Splitting Decision Theories

[epistemic status: maybe wrong; thinking aloud, would like people to yell at me]

There is a repeated motion that occurs when deciding what an AI should do:

(1) Create a decision theory

(2) Create a thought experiment in which an agent with *DT makes a choice which fails to fulfill its utility function (e.g. Oh no! It loses all its money to blackmail!)

(3) Create a DT which does well against problems which the core difficulty which allowed the previous decision theory to lose all its money

If decision theories are as precisely imagined as mathematical structures. For every two distinct decision theories, there exists in mathematical reality a set of “thought experiments” such that the two theories decide differently on them.

This seems weird and difficult now because there isn’t a shared logical notation between different “thought experiments”. As of now characterizing the class of splitting decision problems for two decision theories is pretheoretic. However, for every pair of decision theories DT_1 and DT_2 the object split(DT_1, DT_2) actually exists.
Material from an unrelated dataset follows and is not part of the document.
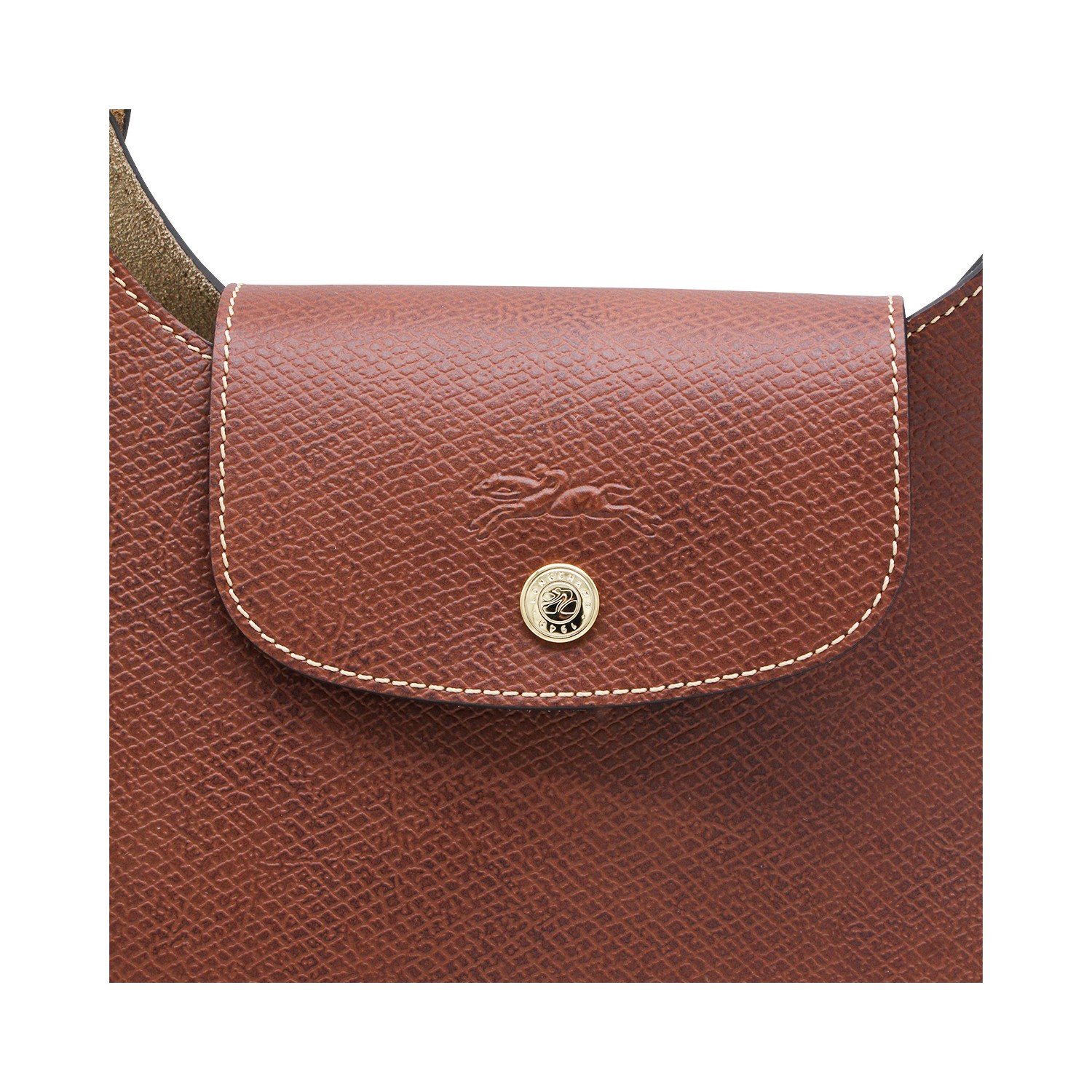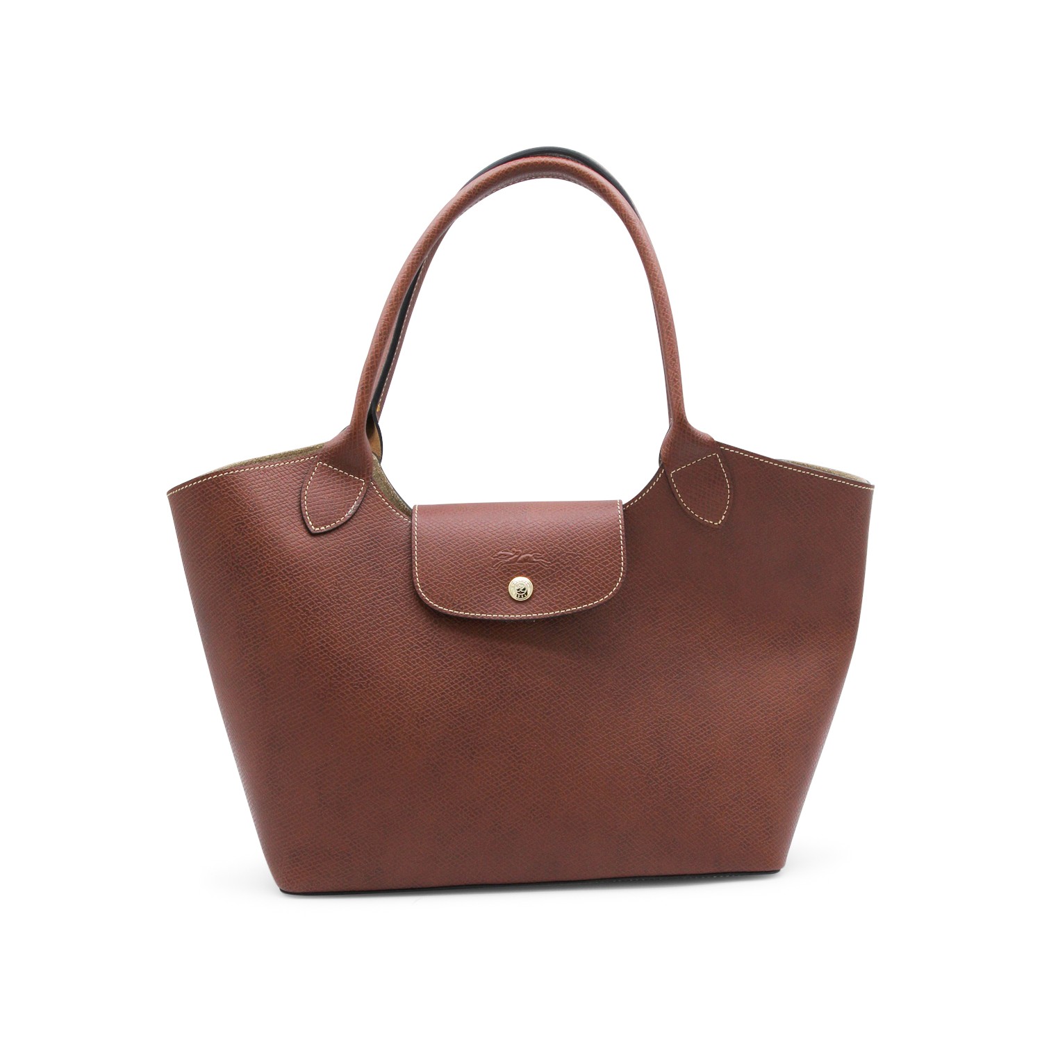 Brown Epure tote from Longchamp featuring top handles, flap with snap button closure, main compartment and internal pocket.

Current notational limits make it currently difficult to simply and completely characterize the class of choice problems on which two DTs give different answers.

But it feels like this sort of problem occupies a similar status as “algorithms” did before the first Universal Turing Machine was constructed.

-

Questions:

In fun games (like prisoner’s dilemma) we have agents (like fairbot) that fight each other. The source code for these agents is entangled with their decision theory. Does examining bots engaged in modal combat make this problem more tractable?

This process repeats like clockwork (it feels like a new decision theory comes out every year or so?) in hopes of giving their baby AI a good way of making good choices and not losing all its money. What if I built an AI that formalized and internalized this process and just … gave itself good advice? Within logical inductors traders bet on which theorems would be best and traders which make bad bets lose their money. If we can formalize split(DT_1, DT_2) we can look at how well agents fulfill their utility functions in this space. Can we use this to establish a kind of poset of decision theories?